Content Interface Services
Content interface services are used to access the business content viewed through the portal. These services employ adapters (often called portlets) to connect to the back-end systems that manage the business content to be accessed. All portal products come with prebuilt adapters. If the product does not provide an adapter for the content you wish to access via the portal, then you can write a custom adapter using a supplied development kit. The quality of the adapters provided in products varies enormously. Some adapters are simple HTML interfaces, whereas others offer sophisticated interfaces to content and are written in languages such as Java. The industry direction is toward creating portal adapters that can be published as a Web service. Industry standardization efforts here include the Java Portlet API (see www.jcp.org) and Web Services for Remote Portals (WSRP see www.oasis-open.org/committees/wsrp).
Portal Management Services
Portal management services provide key facilities such as personalization, search, publishing, notification, collaboration, workflow, portal meta data directory management, categorization and taxonomy development.
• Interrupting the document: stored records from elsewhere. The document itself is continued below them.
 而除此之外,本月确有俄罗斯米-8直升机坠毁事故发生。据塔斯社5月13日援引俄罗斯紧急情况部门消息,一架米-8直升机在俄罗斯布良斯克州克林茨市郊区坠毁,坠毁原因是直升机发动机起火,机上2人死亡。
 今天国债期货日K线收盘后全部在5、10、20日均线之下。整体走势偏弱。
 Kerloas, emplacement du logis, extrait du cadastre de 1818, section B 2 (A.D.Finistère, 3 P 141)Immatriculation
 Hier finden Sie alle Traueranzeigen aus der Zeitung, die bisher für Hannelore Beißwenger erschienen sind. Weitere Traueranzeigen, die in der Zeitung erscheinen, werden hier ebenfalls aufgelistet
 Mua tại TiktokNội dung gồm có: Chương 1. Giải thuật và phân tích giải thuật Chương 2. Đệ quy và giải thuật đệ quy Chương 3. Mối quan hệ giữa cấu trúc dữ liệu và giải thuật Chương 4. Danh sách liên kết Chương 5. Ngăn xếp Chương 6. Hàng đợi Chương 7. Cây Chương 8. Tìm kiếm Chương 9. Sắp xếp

Some portals also provide their own content management system in addition to providing portal adapters that can be used to access leading industry content managers such as Documentum or Stellent. Most product development activity is taking place in the area of collaboration and workflow services.
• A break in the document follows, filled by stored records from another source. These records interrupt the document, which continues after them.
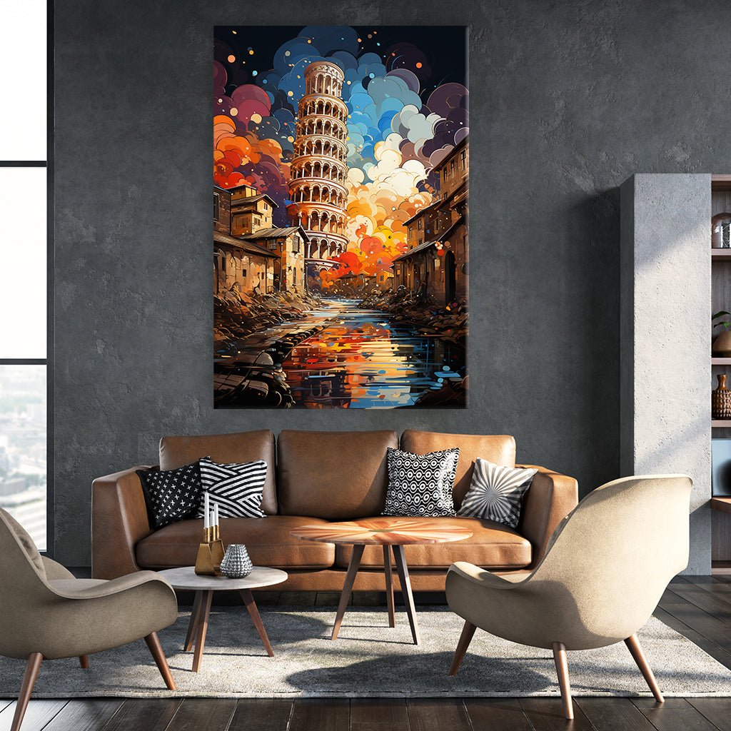 City motifs in a modern pop art style give a new dimension to iconic places like the Leaning Tower of Pisa. The colorful, yet muted color scheme makes the architecture stand out in a unique way. The interplay of colors captures the special energy of the city. This motif is perfect as an eye-catcher for the living room, bedroom or hallway.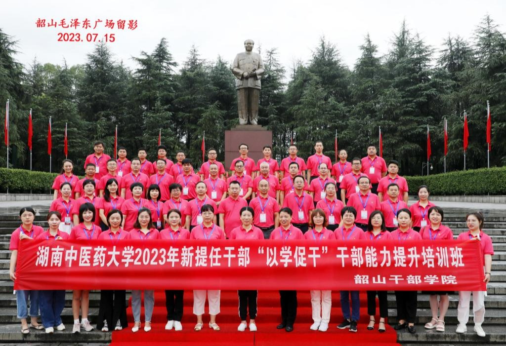 为深入学习贯彻习近平新时代中国特色社会主义思想,7月14日至17日,我校在韶山干部学院举办2023年“以学促干”干部能力提升培训班,51名新提任干部参加培训。培训班采取专题教学、课堂教学、现场教学、党性教育、交流研讨等方式,着力提升处级干部的政治素质和履职能力,培养锻造高素质干部队伍。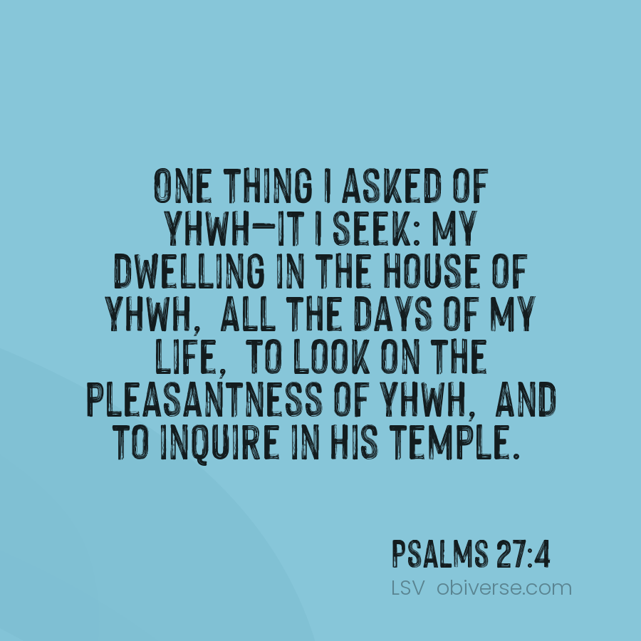 One thing I asked of YHWH—it I seek: My dwelling in the house of YHWH, All the days of my life, To look on the pleasantness of YHWH, And to inquire in His temple.

Web Infrastructure Services
Most portals interact with underlying software that provides the required Web infrastructure for communicating across corporate intranets and extranets, and the public Internet. (We have already noted that several Web application server vendors are adding portal technology to their products.) Although it is important for portal products to provide portability between leading Web servers, it is also crucial, as user volumes build, that products exploit features such as directory services, caching, load balancing and failover in Web application servers.
Matching Portal Products to Business Requirements
Choosing the right portal product is not a simple task. Products vary in their capabilities, and the facilities needed in your portal application will vary according to the type of portal you are developing. Figure 3 documents the key features of a portal and divides them into features required by all portal applications and features that are required for accessing information, applications and collaboration services. Figure 4 lists examples of portal products.
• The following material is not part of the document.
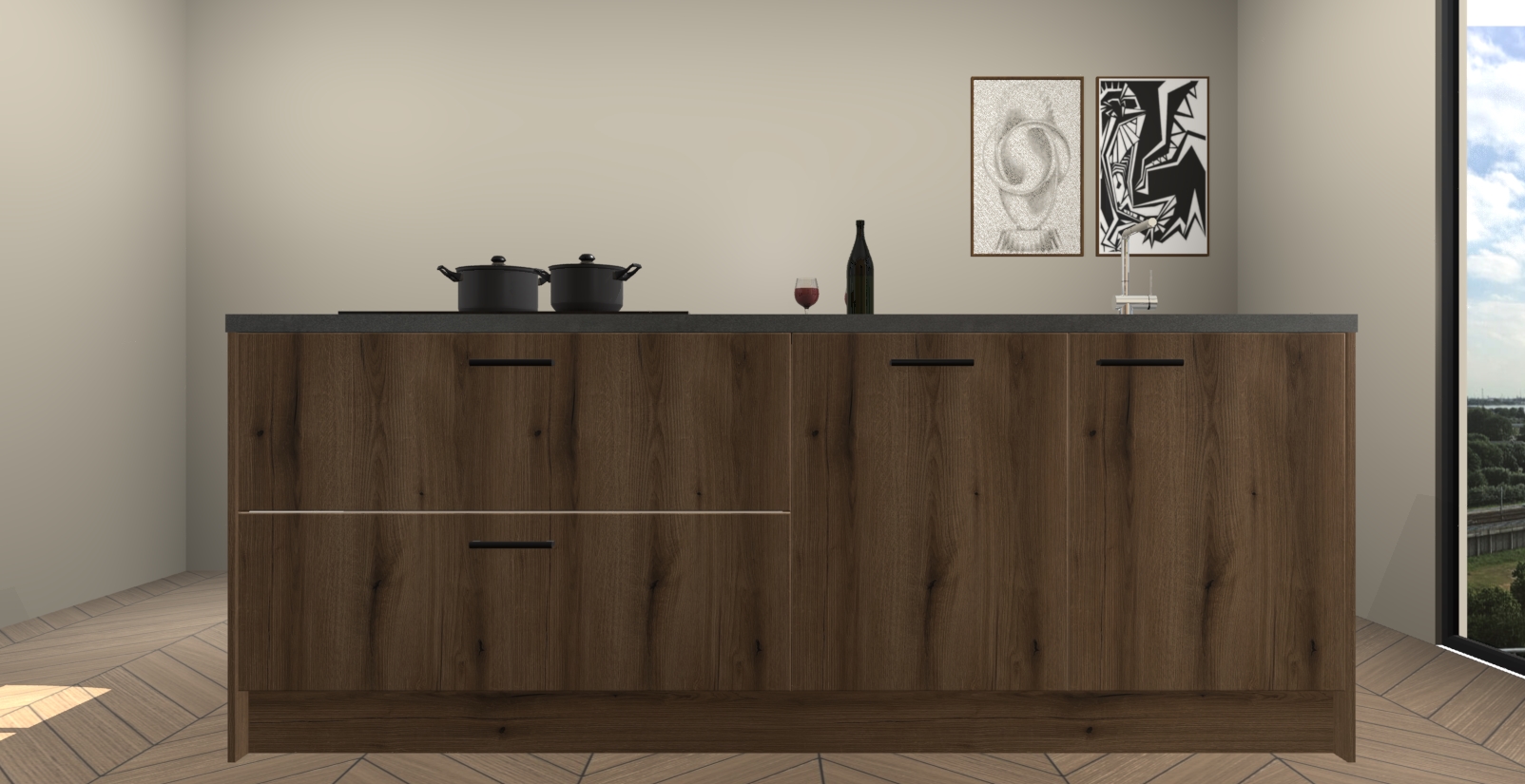 Inclusief plinten, stelpoten en werkblad

Figure 3: Matching Portal Capabilities to Business Requirements
One important consideration in choosing a product is vendor viability. I've already discussed how portal technology is finding its way into other software solutions, and this is putting pressure on pure-play portal suppliers. Expect consolidation of the portal market as leading software vendors such as BEA, IBM, Microsoft, Oracle, PeopleSoft, SAP and Sun gain market share. Many of the pure-play vendors will either be acquired or go out of business. Some pure- play players that have achieved market acceptance (such as Epicentric and Plumtree, for example) are likely to survive. There is also room for niche players that supply vertical industry portals or specialize in specific portal technology areas such as search, categorization and taxonomy development.